Observed failure modes
- A summary omits a constraint mentioned early; many turns later the agent violates it because that fact is simply gone from context.
- Repeated re-summarization amplifies paraphrase errors and omissions until the running summary no longer reflects what actually happened.
- A misconfigured budget compresses identifiers or instructions that were meant to be protected, breaking correctness silently.
- An aggressive relevance threshold filters out context that mattered for an edge case, so quality looks fine in tests but fails in the field.
Lessons learned
- Token reduction is trivial to maximize and meaningless alone; the real metric is whether the model still answers correctly.

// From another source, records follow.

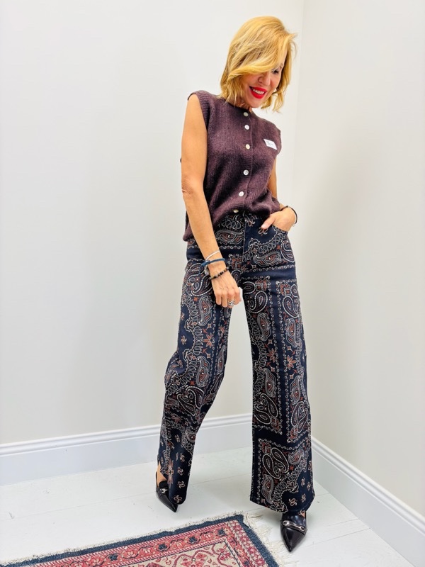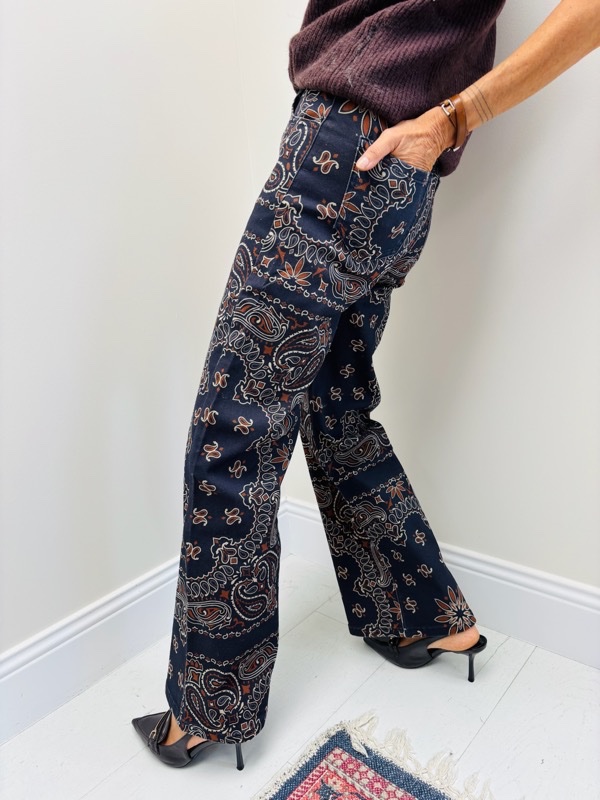 Un jean original et tendance qui revisite la coupe wide leg avec un imprimé cachemire raffiné. Sa coupe évasée assure confort et élégance, idéale pour un look à la fois chic et décontracté.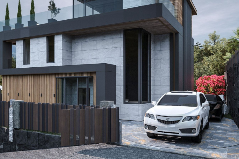 Паркинг на 2 автомобиля, архитектурная подсветка, зелёный двор,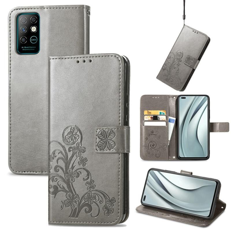 Για το Infinix Note 8 Four-leaf Clasp ανάγλυφη αγκράφα Κινητό τηλέφωνο προστασία δερμάτινη θήκη με κορδόνι & υποδοχή για κάρτες & πορτοφόλι & λειτουργία βραχίονα (γκρι)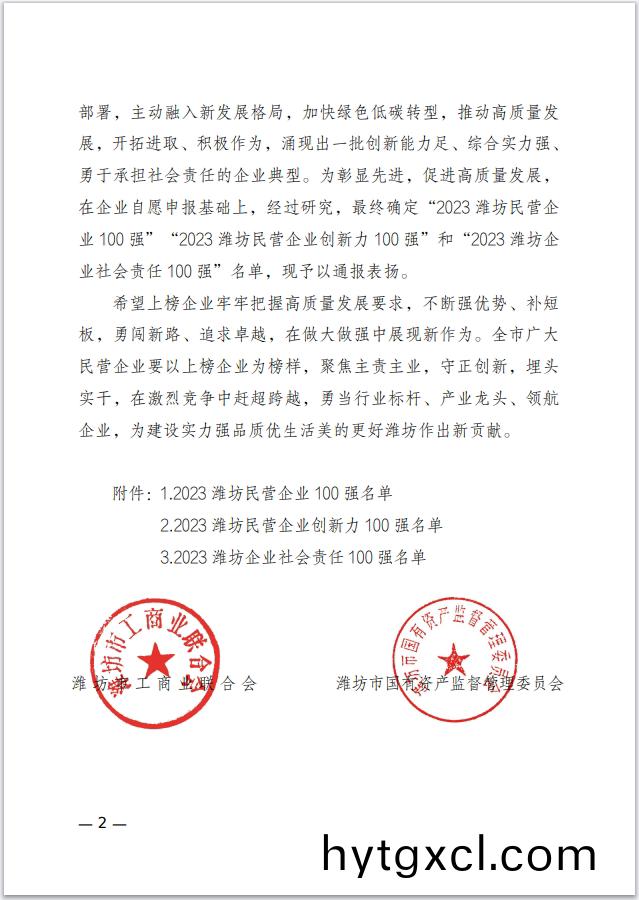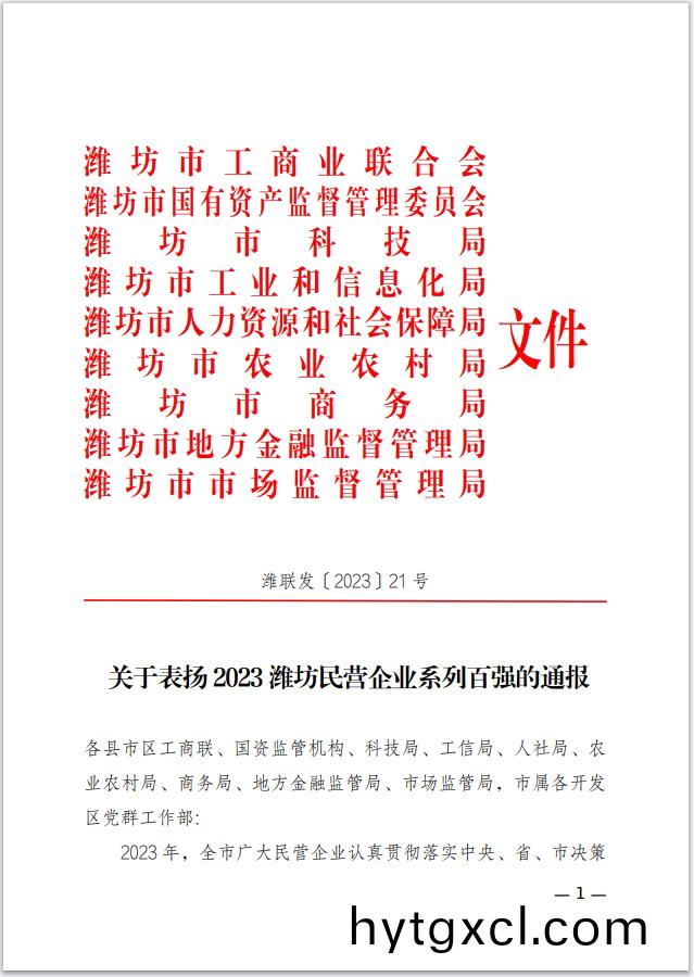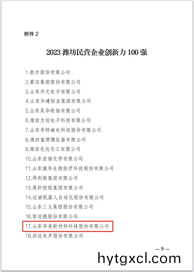热(re)烈祝贺华美新材(cai)成功(gong)入选2023潍(wei)坊民(min)营(ying)企(qi)业创新(xin)力(li)100强(qiang)

- Explicitly protect identifiers, constraints, and the current goal so no compression stage can evict them.
- Compress old history, not the active context; the most recent exchanges carry the most decision-relevant signal.
- Tune aggressiveness per workload against an eval set; what is safe for chit-chat is reckless for an audit task.
FAQs
- How is this different from long-term memory?
- Long-term memory persists facts outside the prompt and retrieves them on demand; context compression shrinks the live context sent on each call. They are complementary: memory decides what to bring back, compression decides how compactly it sits in the window.
- Summarize, prune, or compress — which should I use?
- Prune first (free, lossless when removing true redundancy), summarize older history when it grows unbounded, and add prompt compression only when you still need more headroom and can validate the quality cost. Most systems combine all three.
- How do I know compression is hurting quality?
- Run an evaluation set with compression on and off and compare task outcomes, not just token counts. Watch for confidently wrong answers and dropped constraints — those are the signature of lossy compression that has gone too far.